|In our pervious newsletter we had mentioned that after a stellar move in April 2023, a breather in the Indian markets was very much needed. Though Indian markets have been remarkably resilient in the face of global challenges, some volatility has been seen in recent times and we do expect this to continue for some more time. Initial feedback of demand from the ensuing festive and wedding season is quite strong and corporate earnings outlook for Q2FY24 is also positive. However, multi-year high-rate yields in US and sticky inflation with weak global economic outlook presents a complete opposite view. Globally markets were weak following a hawkish commentary by US FED at the Federal Open Market Committee (FOMC) meeting.

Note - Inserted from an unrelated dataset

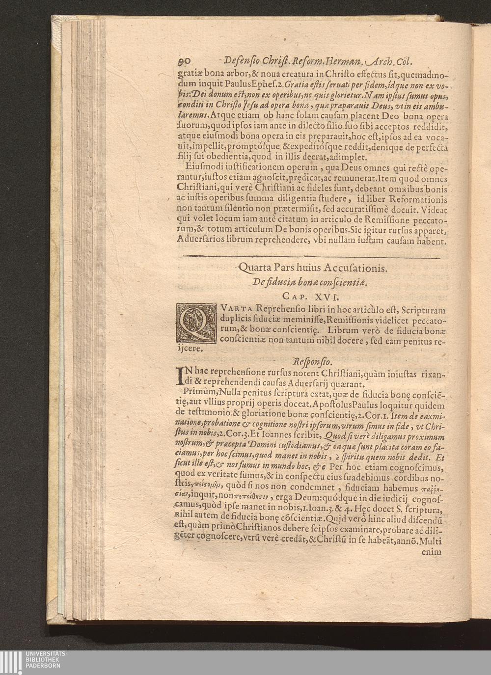 Constans Defensio, Ex S. Scriptvra, Et Vera Catholica Doctrina, Atqve Observatione Vniuersalis Christianæ Ecclesiæ Deliberationis de Christiana Reformatione : Quam Reuerendißimus in Deo Pater, Princeps & Dominus D. Hermannvs Archiepiscopus Coloniensis, & Princeps Elector, &c. iam antè publicauit ... / Auctore D. Martino Bvcero

The FED left the rate unchanged but guided that more hikes would be needed to manage inflation. The rise in crude prices and the Israel issue (post September) are also some additional challenges.|
|Despite global challenges, JPMorgan made an announcement that it would include Indian Government Bonds in its emerging market debt family of indices. This move can lead to estimated inflows to the tune of US$32bn across indices over a period, in addition to additional inflows from active investors. This announcement could also drive expectations of inclusion by other index managers. This move is very positive for India as the expected inflows will likely reduce the upside risk for both India bond yields and currency.|
A strong domestic macro and an equally worrying global scenario has led the markets to a classic dichotomy situation. Indian equity markets were among the handful that stood out and ended September 2023 on a positive note. The recent global events and the ensuing earnings season will drive the market movement in the current month. Momentum should abate a bit and allow opportunities for longer term investors to gradually build their portfolios.